Parsing Haskell';s帕塞克
我正在尝试使用Parsec在Haskell中解析一种基于缩进的语言(想想Python、Haskell本身、Boo、YAML)。我看过IndentParser库,它看起来非常匹配,但我不知道如何将我的Parsing Haskell';s帕塞克,parsing,haskell,indentation,parsec,Parsing,Haskell,Indentation,Parsec,我正在尝试使用Parsec在Haskell中解析一种基于缩进的语言(想想Python、Haskell本身、Boo、YAML)。我看过IndentParser库,它看起来非常匹配,但我不知道如何将我的TokenParser转换成缩进解析器。以下是我目前掌握的代码: import qualified Text.ParserCombinators.Parsec.Token as T import qualified Text.ParserCombinators.Parsec.IndentParser.
TokenParser
转换成缩进解析器。

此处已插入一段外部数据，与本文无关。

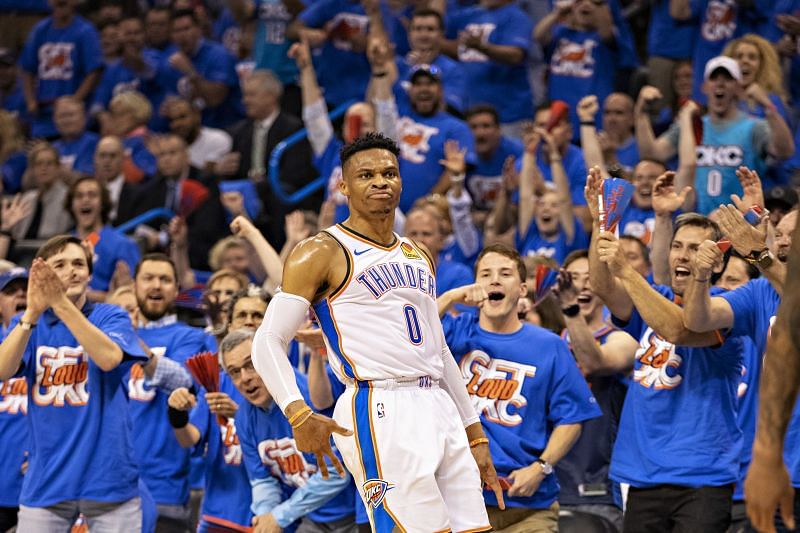 Russell Westbrook #0 of the Oklahoma City Thunder celebrates after making a three-point shot
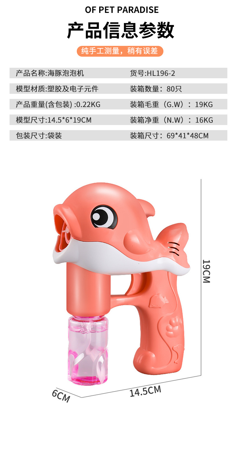 hl196-2 dolphin style bubble machine (pink)
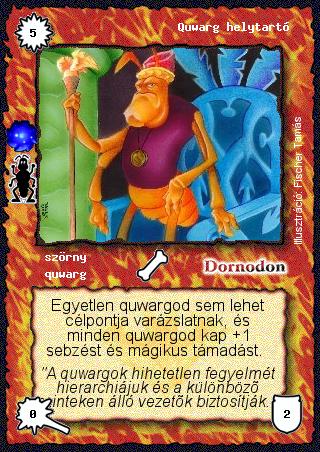 Szöveg: Egyetlen quwargod sem lehet célpontja varázslatnak, és minden quwargod kap +1 sebzést és mágikus támadást.
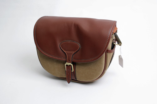 A LIGHT-WEIGHT CANVAS AND LEATHER CARTRIDGE BAG,
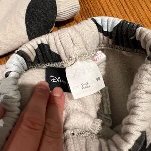 Adorable, neutral toned Mickey sweatshirt and jogger pants set in size 2-3y. In good condition with very light wear from washing and faint discoloration to the right knee (second to last photo) and the seat (last photo). A must have for any Disney fan!
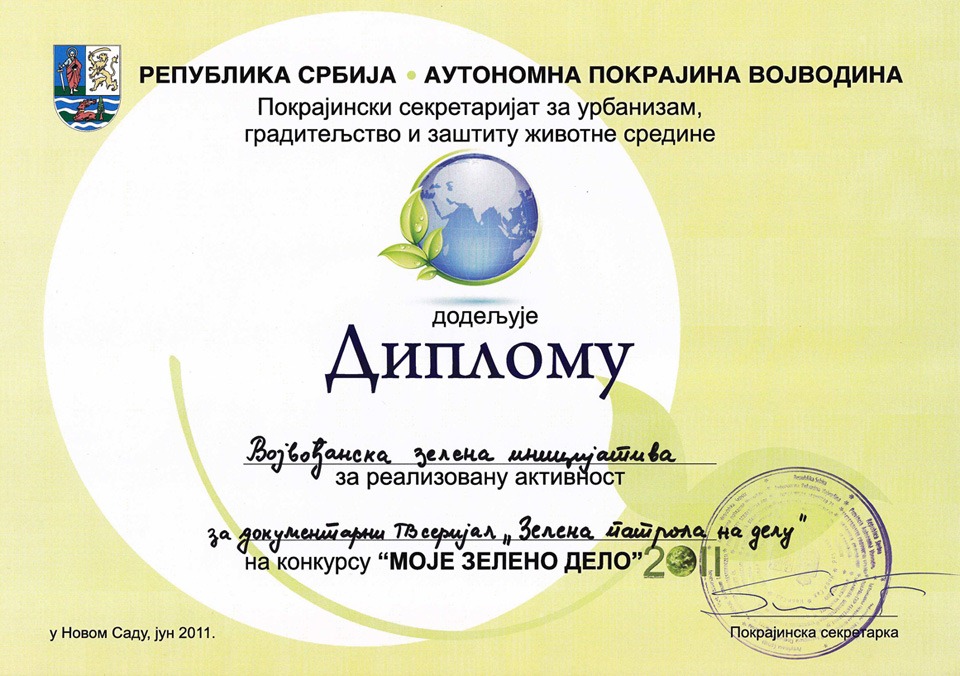 Pokrajinski sekretarijat za urbanizam, graditeljstvo i zaštitu životne sredine svečano je uručio nagrade i priznanja za konkurs "Moje zeleno delo" koje je raspisao povodom obeležavanja Dana planete Zemlje, za najbolje akcije ili dela koja doprinose zaštiti, unapređenju stanja životne sredine i održivom razvoju AP Vojvodine, u petak, 03.06.2011. godine, Nagrade je uručila pokrajinska sekretarka za urbanizam, graditeljstvo i zaštitu životne sredine Dušanka Sremački.
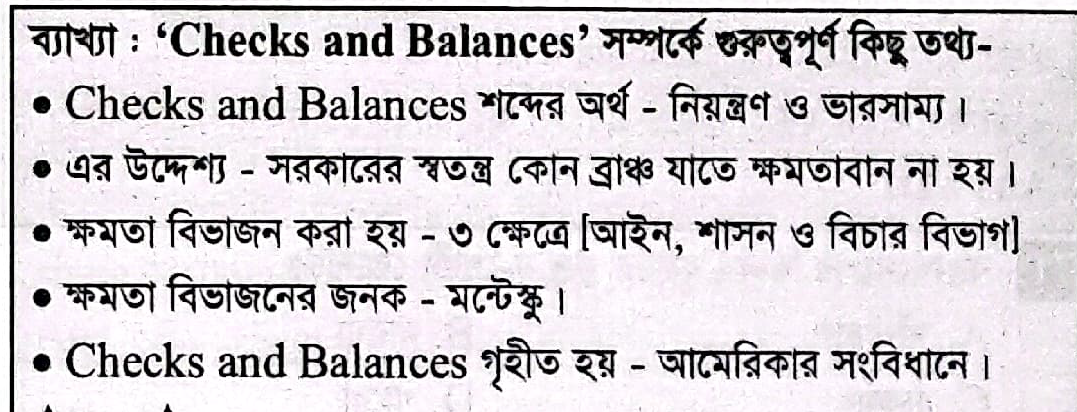 Correct Answer is: নিয়ন্ত্রণ ও ভারসাম্য
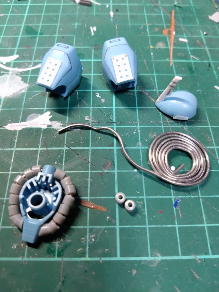 皆さんお疲れ様です。 今日は昨日できなかったグフカスタムの続きです。 少しずつディティール進めたり仮組みでどうするか悩んだりしていると前に制作して仮で着けたブレードアンテナが紛失!😨 探しても見つからず…あきらめて3本目の制作。 3本目となると段々形も変化してきました。 そして仮組みして外すときに動力パイプが外れてしまいました。😨 パイプの中はスプリングを使用しましたがパイプのうねり等も表現できないしギリギリの長さでカットしたスプリングを収めるのは難しいです。 さぁどうしようかと調べてみるとハンダを使用ってチラッとみかけてハンダなら柔らかくて丁度良さそう! でハンダ使用でやり直ししたものがメイン写真になります。 スプリングよりも断然制作しやすかったです。😄 そして頭部パーツのモノアイ基部はまた外すので着けずに仮組みしてみると…このパーツ無しで中にモノアイ仕込んだら? って思いましたが、それだと固定式になるので試しに100均で買った薄いペラペラのプラ板。 これをモノアイ基部位の幅で切り出して色々試して最終的に8mmの丸軸ドリルの刃に巻き付けて速乾流し込み接着剤で接着。(3枚目) 硬化したら外して輪切りにした3mm丸棒(解りやすくマッキーで赤くしてます)、100均購入してある釣具のリング、コレを丸棒の周りに接着。頭部パーツに組み込んでみたのが最後の写真です。 仮制作なのでもう少し煮詰めますが良さそうです。 モノアイ基部パーツよりも薄いのでモノアイを少し厚くできるのでリングを入れれました。 もう少し上側にモノアイ寄せても良さそうですね。 リング入れると少し大きいかな? リング無しなら違和感も無くて大丈夫だと思います。 下側に突起を設ければ多分左右に可動も大丈夫だと思います。 一応まだ仮制作段階ですが 皆さんどうでかょうか? コメントよろしくお願いします。🙇
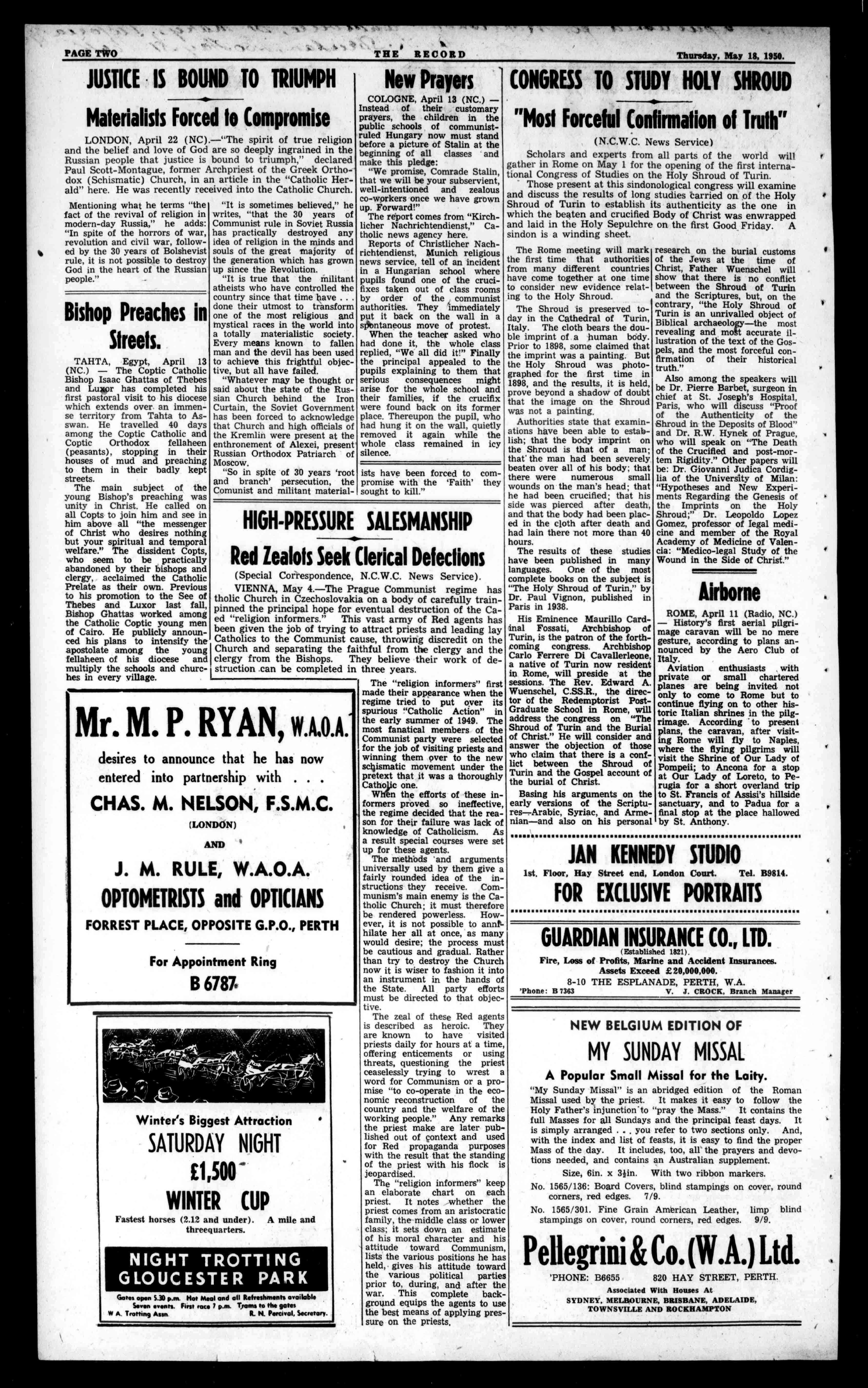 RegisteredattheG.P.O., Perth,fortranssnissiocby postasanewspaper. NO.2,446. PHONEBA2837 (2Lines) 450HayStreet,Perth. BoxR1279,G.P.O.,Perth. Jr. sat, 00431, 411 CCOT OfficialorganoftheArchdioceseofPerth. Established1874. THURSDAY, MAY18,1950 Seventy-sixthYear. PriceThreepence.
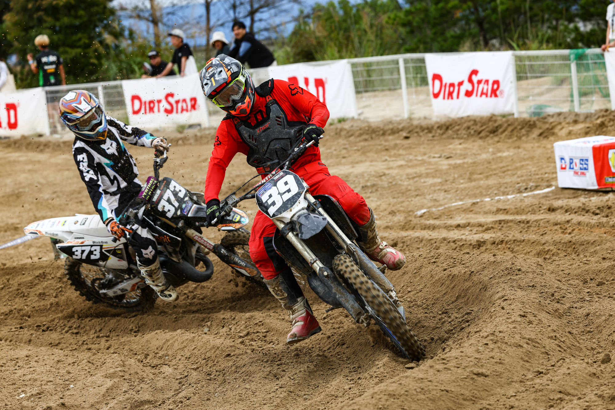 その後方では#39平岡正悟選手(43歳)と#373寺⽥楓波鷹選手(16歳)がテール・トゥー・ノーズの2位争いを展開。「Yamaha YZ125 BLU CRU Cup」の一つの理想系である、経験値を持ったベテランと発展途上のヤングライダーによるマッチアップが実現したのです。結果は平岡選手が先行しこれを寺田選手が追撃、一度は寺田選手が前に出るも平岡選手が逆転して2位となりました。レースを終えた二人は、勝ち負けでの喜びや悔しさとともに、「バトルが楽しかった」と話しており、互いに良い刺激が与え合ったようです。
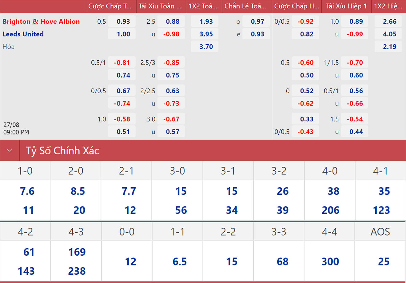Soi kèo nhà cái Brighton vs Leeds. Nhận định, dự đoán bóng đá Ngoại hạng Anh (21h00, 27/8). Dự đoán bóng đá Brighton vs Leeds. Tỷ lệ kèo bóng đá Anh.
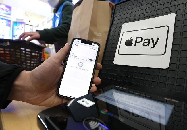 서울 강남구 GS25 역삼홍인점에서 직원이 애플의 간편 결제 서비스 '애플페이' 결제를 시연하고 있다. /뉴스1
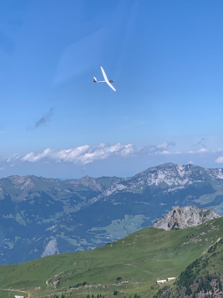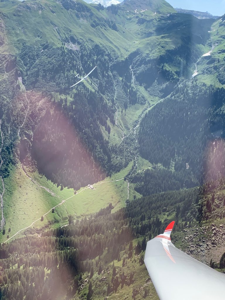 Der Weg führt uns über den Talrand der Linthebene in gebiergiges Gelände, wo wir uns nahe einer Felswand auf die Lauer nach Thermik machen. Die Sonne brennt von oben auf das Cockpit und der Lufteinlass kühlt punktuell nur die anvisierte Stelle am Oberkörper.
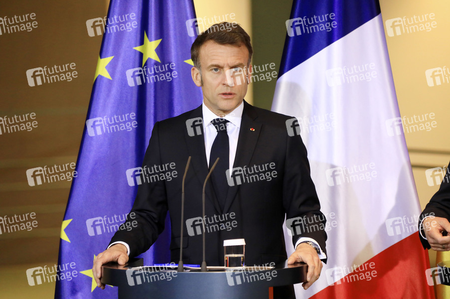 Emmanuel Macron beim Empfang des Staatspräsidenten der Französischen Republik zu einem gemeinsamen Gespräch mit dem Bundeskanzler mit anschließendem Pressestatement im Bundeskanzleramt. Berlin, 18.03.2025
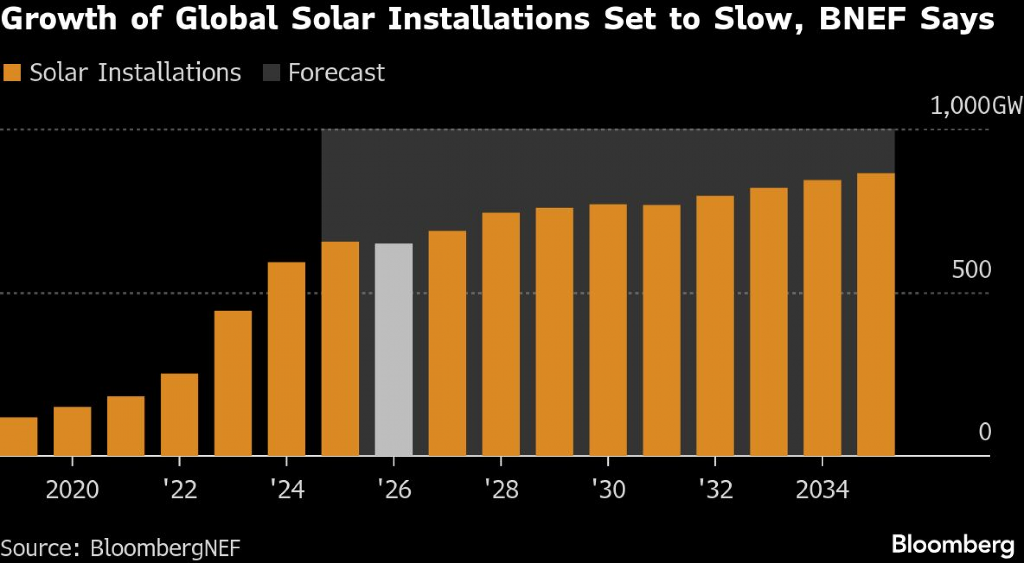Svetovne solarne instalacije bodo leta 2026 doživele prvi padec v zgodovini

以下是我目前掌握的代码:
import qualified Text.ParserCombinators.Parsec.Token as T
import qualified Text.ParserCombinators.Parsec.IndentParser.Token as IT
lexer = T.makeTokenParser mylangDef
ident = IT.identifier lexer
这将抛出错误:
parser2.hs:29:28:
Couldn't match expected type `IT.TokenParser st'
against inferred type `T.GenTokenParser s u m'
In the first argument of `IT.identifier', namely `lexer'
In the expression: IT.identifier lexer
In the definition of `ident': ident = IT.identifier lexer
我做错了什么?如何创建
IT.TokenParser
?或者IndentParser被破坏了,需要避免吗?这里是我为Parsec 3准备的一组解析器组合器,可用于Haskell样式的布局,可能对您有用。关键注意事项是,laidout
启动并运行布局规则,出于相同目的,您应该使用提供的space
和spaced
组合器,而不是stockParsec
组合器。由于布局和注释的交互作用,我不得不将注释解析合并到标记器中
{-# LANGUAGE FlexibleContexts, FlexibleInstances, MultiParamTypeClasses #-}
module Text.Parsec.Layout
( laidout -- repeat a parser in layout, separated by (virtual) semicolons
, space -- consumes one or more spaces, comments, and onside newlines in a layout rule
, maybeFollowedBy
, spaced -- (`maybeFollowedBy` space)
, LayoutEnv -- type needed to describe parsers
, defaultLayoutEnv -- a fresh layout
, semi -- semicolon or virtual semicolon
) where
import Control.Applicative ((<$>))
import Control.Monad (guard)
import Data.Char (isSpace)
import Text.Parsec.Combinator
import Text.Parsec.Pos
import Text.Parsec.Prim hiding (State)
import Text.Parsec.Char hiding (space)
data LayoutContext = NoLayout | Layout Int deriving (Eq,Ord,Show)
data LayoutEnv = Env
{ envLayout :: [LayoutContext]
, envBol :: Bool -- if true, must run offside calculation
}
defaultLayoutEnv :: LayoutEnv
defaultLayoutEnv = Env [] True
pushContext :: Stream s m c => LayoutContext -> ParsecT s LayoutEnv m ()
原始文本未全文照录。